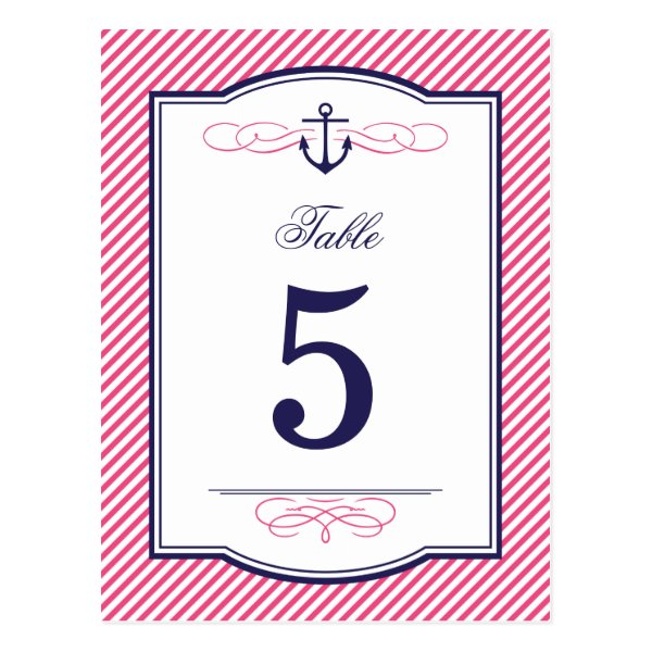 Navy and Pink Nautical Wedding Table Number Cards
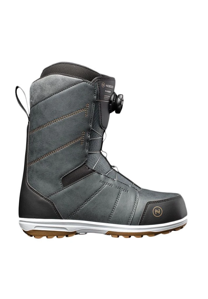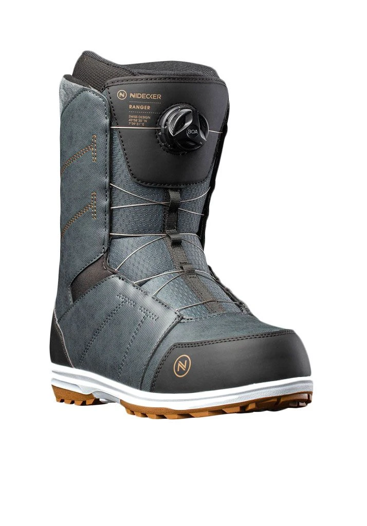 Our softest boot in the men’s line, the Ranger is forgiving enough for beginners yet comes with a bunch of premium features.The brand new Boa H4 dial is super tough and easy to operate even in gloves. With one lacing zone across the whole foot, you can tighten your boot in seconds and pop it open again instantly. Alongside the Ranger’s 3D molded liner, your foot will be held firmly in place to ensure efficient edge control with minimal rubbing or heel lift.This snug fit is carried through to the boot’s overall shape, which as part of our FlowFit system is designed to connect seamlessly with Nidecker’s classic two-strap or speed-entry bindings from Flow. The Ranger’s soft flex feels comfy right out of the box and is perfect for mastering your first turns or even getting to grips with surf style maneuvers that require you to get low.
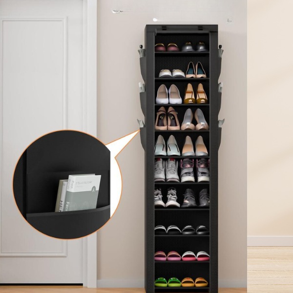 Įrengtas audinio uždangalas, atsparus dulkėms, su užtrauktuku. Ši batų lentyna užtikrina, kad jūsų batai išliktų švarūs, apsaugoti nuo dulkių ir purvo.
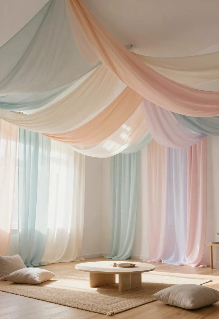 Fabric canopies offer a stylish way to define spaces within open floor plans. Draping sheer, eco-friendly fabrics from the ceiling can create cozy nooks or romantic areas, adding softness and texture to your home. This design element helps delineate different areas while enhancing the overall aesthetic.
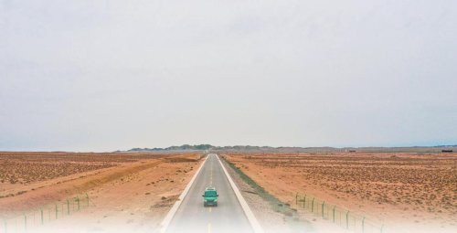5月22日,采訪組乘坐汽車趕往馬鬃山鎮(zhèn)。215國道沿途的戈壁荒漠給人以遼闊、壯麗、肅穆、深邃的感覺。驀然間,一抹亮麗的綠色浮現(xiàn)眼前,是前往馬鬃山鎮(zhèn)的郵車!在這荒涼的戈壁灘上,中國郵政沒有缺席。
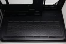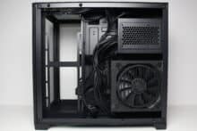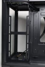 Die zweite Kammer befindet sich hinter dem Mainboard-Tray, bietet Platz für ein ATX-Netzteil und verfügt über einen modularen HDD-Käfig. Des Weiteren gibt es an dieser Stelle durch die bis zu 88 Millimeter breite Kammer viel Stauraum für die Netzteilkabel. Der Platz zwischen den seitlichen Montageschienen und dem Seitenteil betrifft zudem mehr als 27 Millimeter. Im Zusammenspiel mit dem großzügigen Ausschnitt oberhalb der Montageschienen könnte hier also eventuell ein zweiter Radiator befestigt werden.
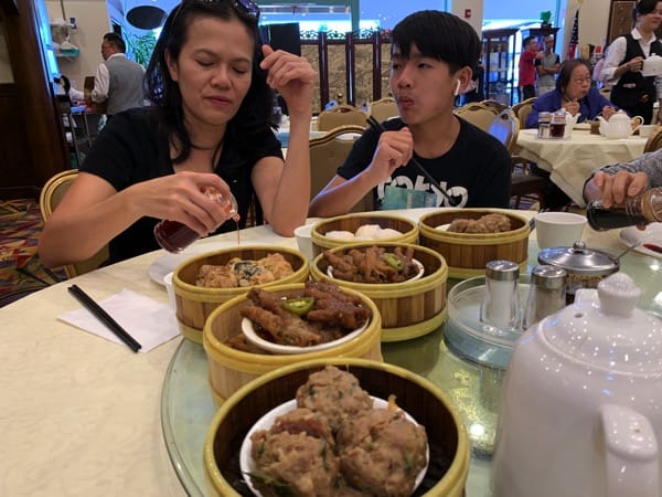 We love chicken feet, stripes, beef balls, shrimp dumplings, Xiu Mai, soft meat rice cakes, tofu wrapped meat and everything we see appetizing.
= = =
→ WHAT IS BEING ASKED
Copy back, word for word, every line between the top of the material above and the line that contains "Fabric canopies offer", both included, without any pictures.

→ SOLUTION BELOW
 Navy and Pink Nautical Wedding Table Number Cards
 Our softest boot in the men’s line, the Ranger is forgiving enough for beginners yet comes with a bunch of premium features.The brand new Boa H4 dial is super tough and easy to operate even in gloves. With one lacing zone across the whole foot, you can tighten your boot in seconds and pop it open again instantly. Alongside the Ranger’s 3D molded liner, your foot will be held firmly in place to ensure efficient edge control with minimal rubbing or heel lift.This snug fit is carried through to the boot’s overall shape, which as part of our FlowFit system is designed to connect seamlessly with Nidecker’s classic two-strap or speed-entry bindings from Flow. The Ranger’s soft flex feels comfy right out of the box and is perfect for mastering your first turns or even getting to grips with surf style maneuvers that require you to get low.
 Įrengtas audinio uždangalas, atsparus dulkėms, su užtrauktuku. Ši batų lentyna užtikrina, kad jūsų batai išliktų švarūs, apsaugoti nuo dulkių ir purvo.
 Fabric canopies offer a stylish way to define spaces within open floor plans. Draping sheer, eco-friendly fabrics from the ceiling can create cozy nooks or romantic areas, adding softness and texture to your home. This design element helps delineate different areas while enhancing the overall aesthetic.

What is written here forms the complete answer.